We live in a country where salaried, non-professional earners are poorly paid. Our average household per capita income has ranged from €24,785 to €26,226 over the past ten years. Nearly one-in-five Irish households earn less than €20,000. Yet, Ireland ranks 10th highest in the world on Numbeo’s Cost of Living Index. In other words, Ireland is patently an unequal society in terms of the living wage standard. Therefore, the way out for nearly half of our working force who are employed in poorly paid jobs is to return to education to upskill for professional work through which they can attain a sustainable living. However, unless there are legislative changes in relation to the eligibility for student grants and cut-off points, provision of childcare support, and meaningful tax incentives, the hope of this cohort for returning to education to reskill for a better life remains elusive. 

My first piece of advice to someone who is considering further study is to start no matter how impossible things may look, and take one day at a time. Do not wait for a more convenient time, it hardly ever comes. By way of an example. I thought I was done with having babies after my second child was born. I was ready to start my study towards a Masters in Public Health when my then youngest was four years old, only for me to discover that I had a surprise baby on the way. It was the most inconvenient time! But I felt that one must not stop the other. So I started my study, I had my baby halfway into the course and just a few days after my Christmas exam, and I resumed lectures three weeks after. It was tough, but I finished at record time because I knew that if I deferred it I would never return to it because I had other plans for the following two years.
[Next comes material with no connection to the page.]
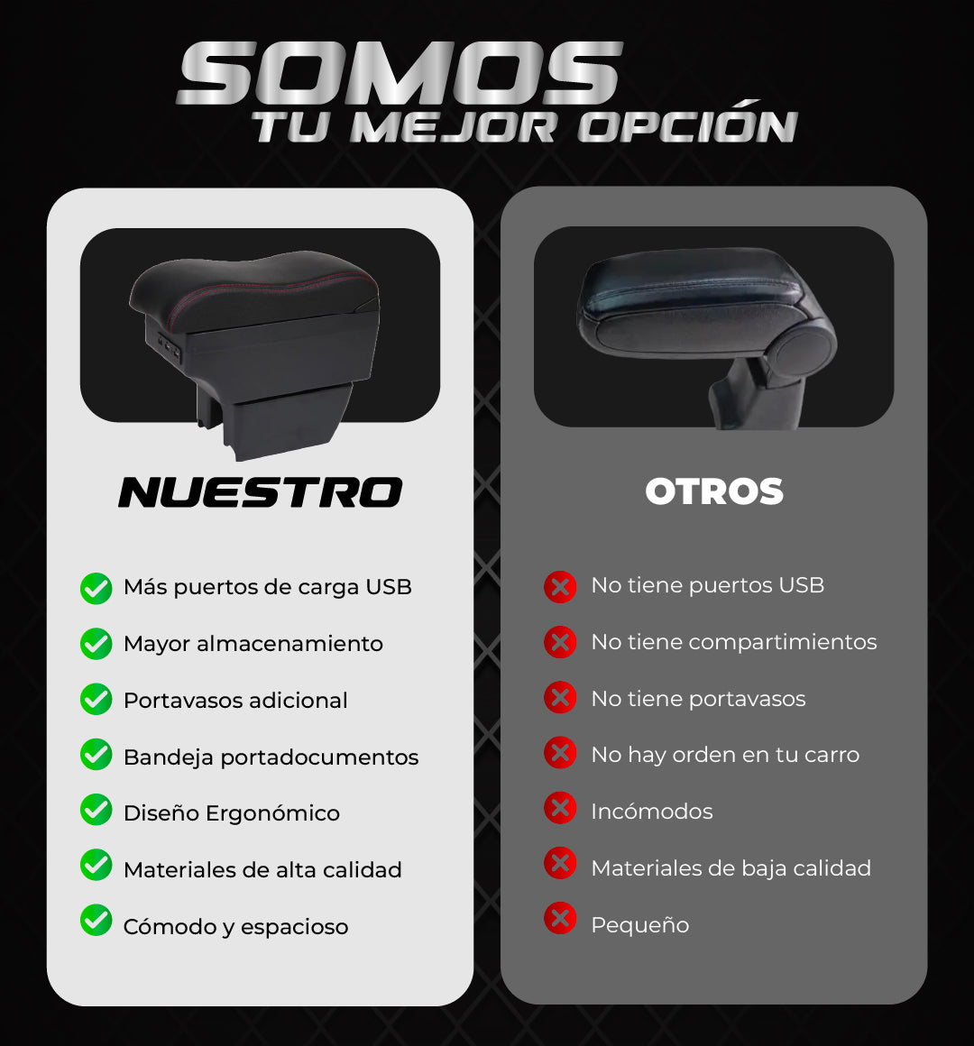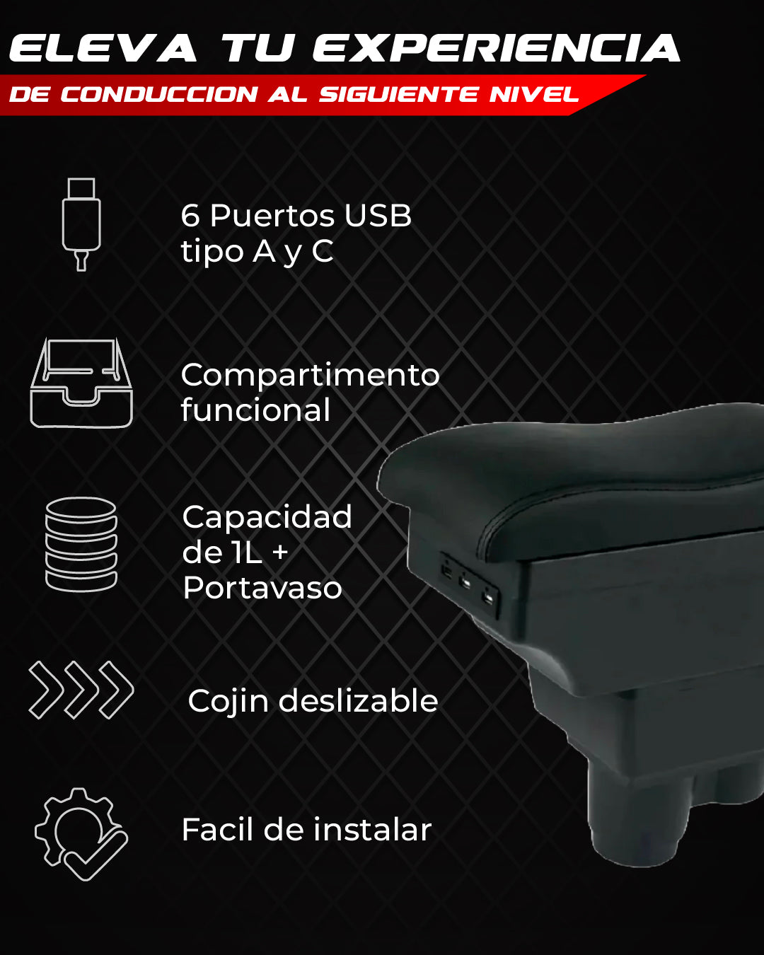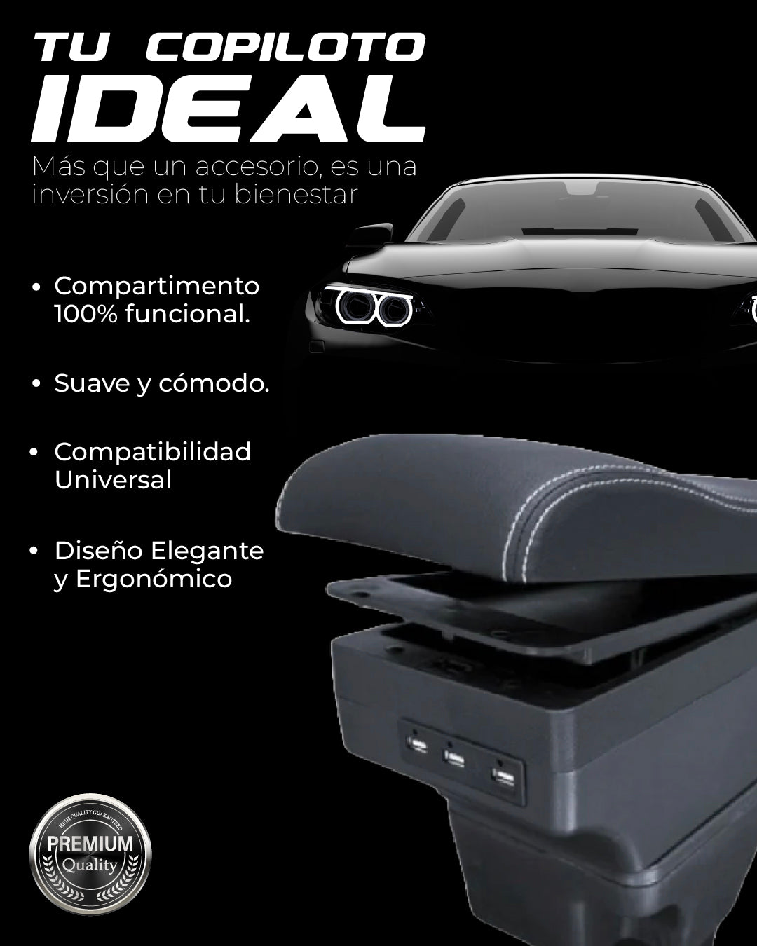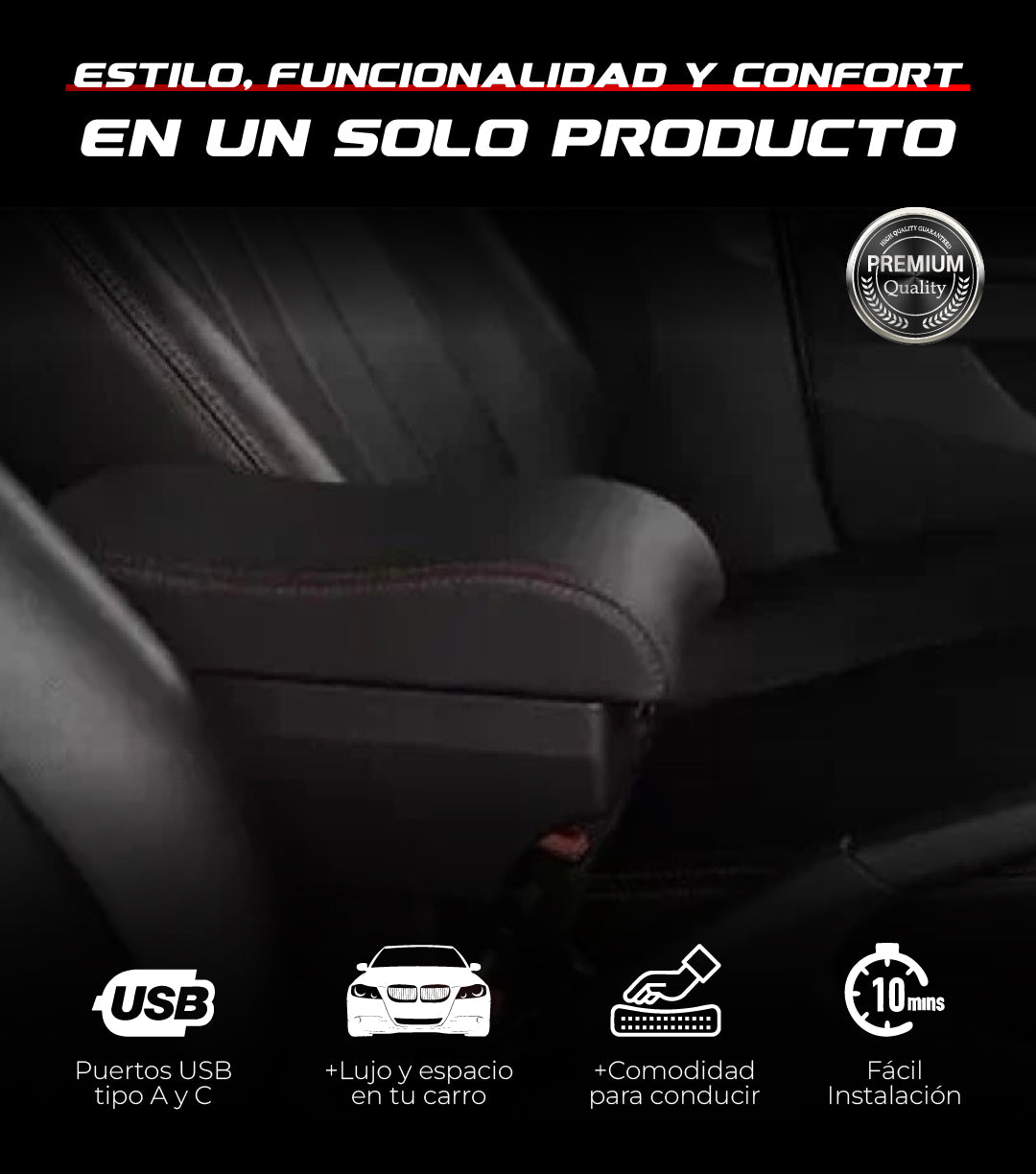 Apoyabrazos para auto de diseño ergonómico, con espacio de almacenamiento y un toque estético que mejora la experiencia dentro del vehículo.

Secondly, I would advise never to be afraid of hardship or difficulties. If it were simple and easy, everyone would do it. Let your reason for embarking on your studies keep you going when things get tough. Personally, I use the analogy of labour and childbirth to encourage myself. As a mother who has gone through three natural births, I know that once the labour starts there is no option but to keep going, the pain will take its course, and I am someone with a low threshold of pain, but it’s all well worth it when you see yourself and your baby on the other side.

Lastly, I would suggest being flexible! Enrol on a part-time option if full-time study is not realistic, or take the modular approach. Take a break along the way if the prevailing situation calls for it, but always return and never leave unfinished whatever you have started.